Winning her first surfing world championship was easier for rookie Stephanie Gilmore than finding the words to express it.
“I’m absolutely over the moon, and I’m just at a loss for words …” the 19-year-old Gilmore acknowledged after winning the then-Association of Surfing Professionals World Championship title at Honolua in 2007, the first rookie to accomplish the feat. “I honestly can’t describe it.”
Eleven years later, as the now-30-year-old Australian and six-time world champion returns to the Valley Isle for the Beachwaver Maui Pro scheduled to start Sunday and run through Dec. 6, no longer do the words or the victories seem to come with much difficulty.
Gilmore is No. 1 ranked on the World Surf League women’s championship tour, the four-year-old successor to the ASP, and is in pursuit of a milestone seventh world championship.
The Honolua stop, with its picturesque cliffside setting, marks the 10th and final event of the year on the WSL women’s championship tour and brings with it a showdown between Gilmore and the U.S.’s Lakey Peterson for the championship.
According to WSL number crunchers, Gilmore, who has three event championships and 61,175 points this year, will win the crown with a third place — or better — finish.
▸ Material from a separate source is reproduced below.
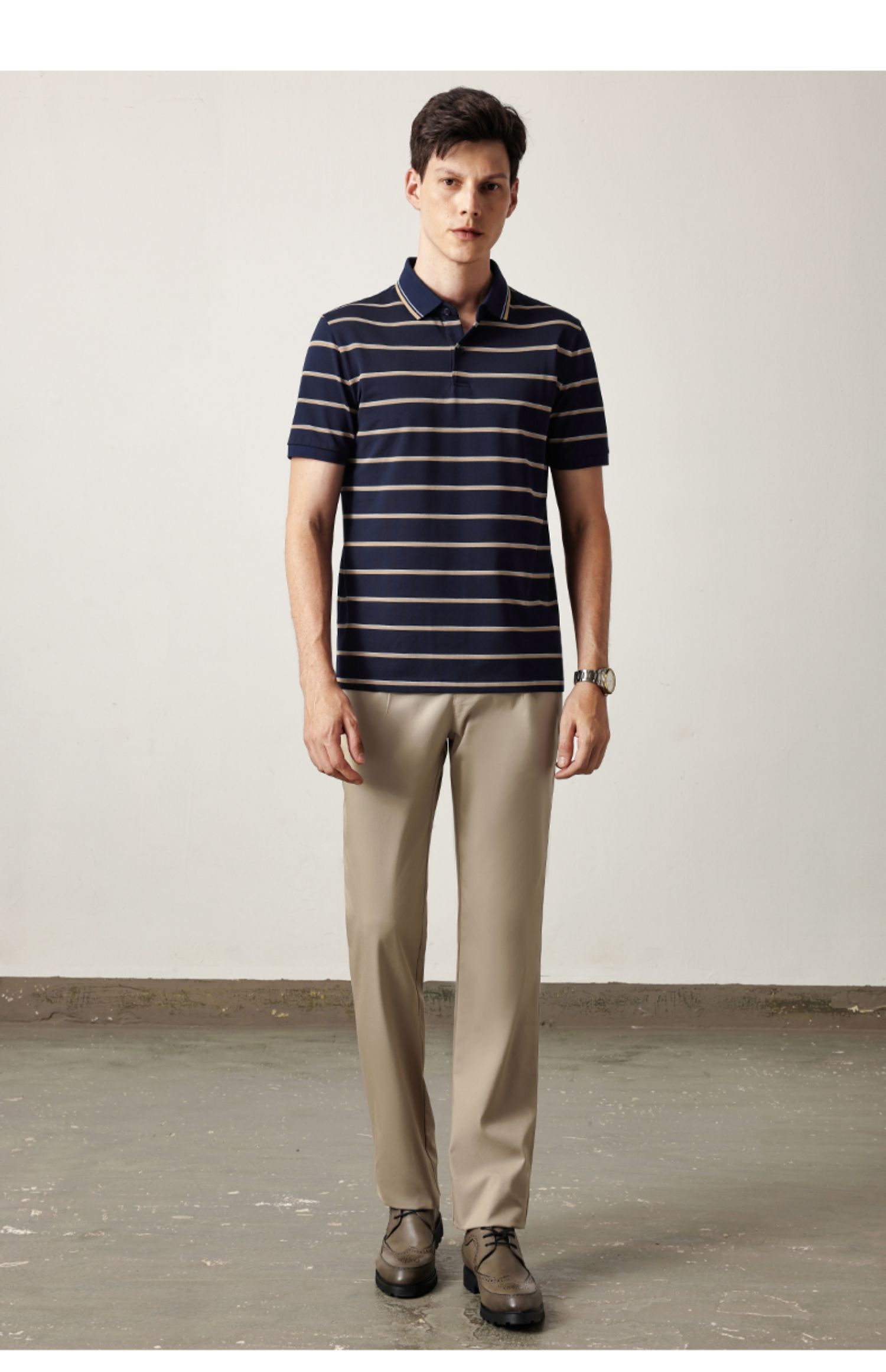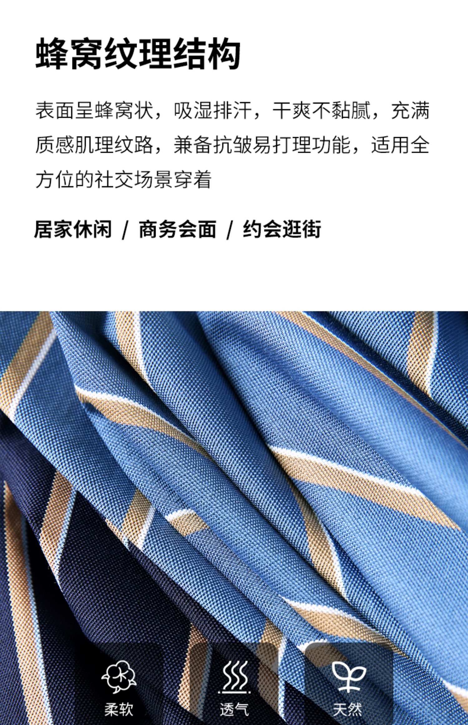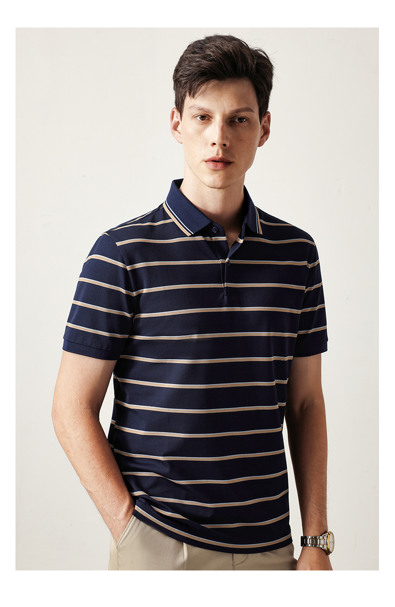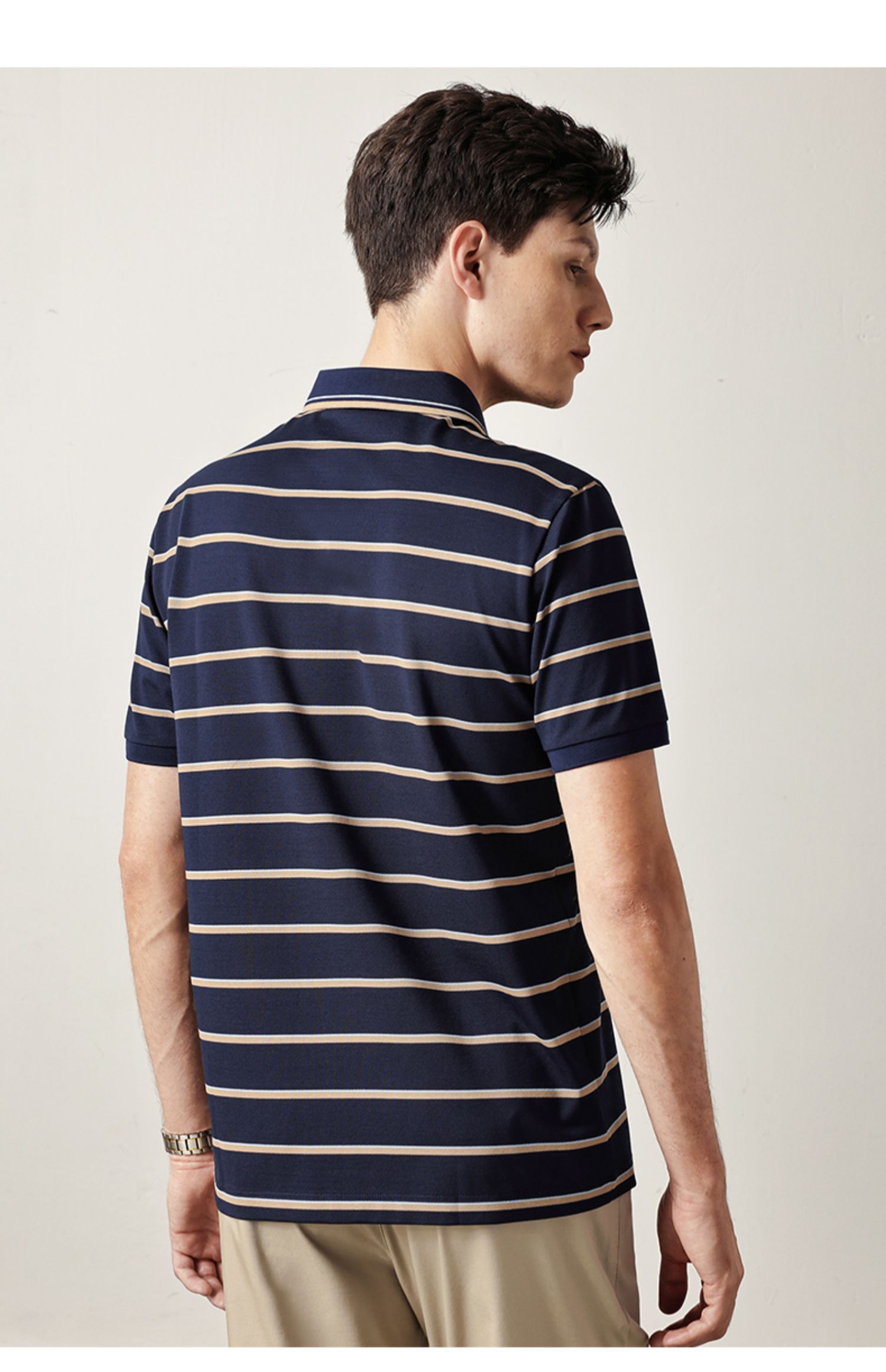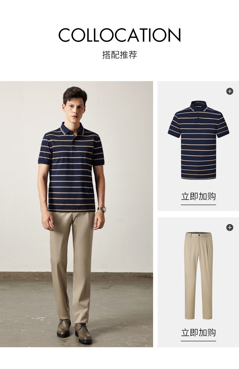 M&D/名盾POLO衫男秋季新款条纹撞色桑蚕丝真丝男装翻领T恤

But should Gilmore wind up fifth — or worse — then the second-ranked Peterson, who has two wins and 54,260 points, must win the event to force a surf-off for the year’s crown.
Carissa Moore, Hawaii’s highest-ranked competitor, is in fourth (44,235 points) and out of the running for a fourth world title this year, as is third-ranked (44,770 points) Tatiana Weston-Webb of Kauai, who now competes for Brazil.
Hawaii surfers Bethany Hamilton, Alana Blanchard, Summer Macedo and Zoe McDougall have gained entry as wild-card or injury replacements.
For Peterson, the highest-ranked American on either championship tour at this point, it is an opportunity for a breakthrough first world championship.
Meanwhile, the focus is on a seventh world title that would elevate Gilmore to the echelon of being one of just three pro surfers to ascend to that level. Layne Beachley had seven between 1998 and 2006 and Kelly Slater 11 between 1992 and 2011.
Gilmore’s fondness for Honolua, with its signature right-handed barrels and walls, is both long standing and deep. “I remember qualifying for the world tour in 2006 and the first thing that I thought of was Honolua Bay,” Gilmore said after the 2014 championship. “I hadn’t even been there yet, but I remember thinking, ‘When I get on Tour in 2007, I’m going to fall in love with Honolua Bay. I’m going to win the event and it is going to be the best thing ever.’ ”
And it managed to get even better with each succeeding year and trophy she hoisted there. Gilmore repeated as world champ in 2008 and ’09.
Gilmore told ESPN back then, “I remembered those feelings every year when we came back to surf (there).”
Then the tour took a five-year absence from Honolua before returning in 2014, when Gilmore, similarly re-energized, managed to win her most recent crown.
Small wonder Gilmore likes to say she feels like she has a “relationship with this place, this wave.”